Local climate influences δO2/N2 variability in ice core records

Orbital dating using δO2/N2 records is a powerful tool for constructing ice core chronologies in deep ice cores due a widely observed anti-correlation with summer solstice insolation (SSI). While understood to be linked to near-surface snow metamorphism, the physical mechanisms driving this process remain poorly constrained and the role of local accumulation rate and temperature have been scarcely considered. We primarily present the results of our new study which uses a compilation of records from 14 ice cores to show a significant dependence of mean δO2/N2 on local accumulation rate and temperature.
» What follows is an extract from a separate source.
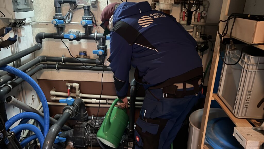 V případě že máte bazénovou technologii nad úrovní hladiny vody v bazénu, je nutné ručně zalít filtrační čerpadlo a čerpadlo protiproudu vodou, aby bylo schopné následně nasát vodu ze sacího potrubí a nasátá voda vytlačila veškerý vzduch z výtlačného potrubí. Poté je vždy potřeba zkontrolovat případné netěsnosti.

Using EPICA Dome C as a case study, we then show that during rapid climatic changes, an accumulation/temperature signal may be superimposed on top of the SSI signal and therefore should be accounted for when using peak-matching techniques for future dating of deep ice cores, such as the EPICA or Beyond EPICA cores.Further to our study, we include new δO2/N2 data measured in shallow, bubbly ice just below close-off from two newly drilled firn cores at sites with distinct close-off conditions; D-47 and Little Dome C (the Beyond EPICA site), which support our findings. Moreover, thanks to parallel firn air pumping campaigns, overlapping data from open and closed porosity at these two sites promise greater insight into the mechanisms driving close-off fractionation.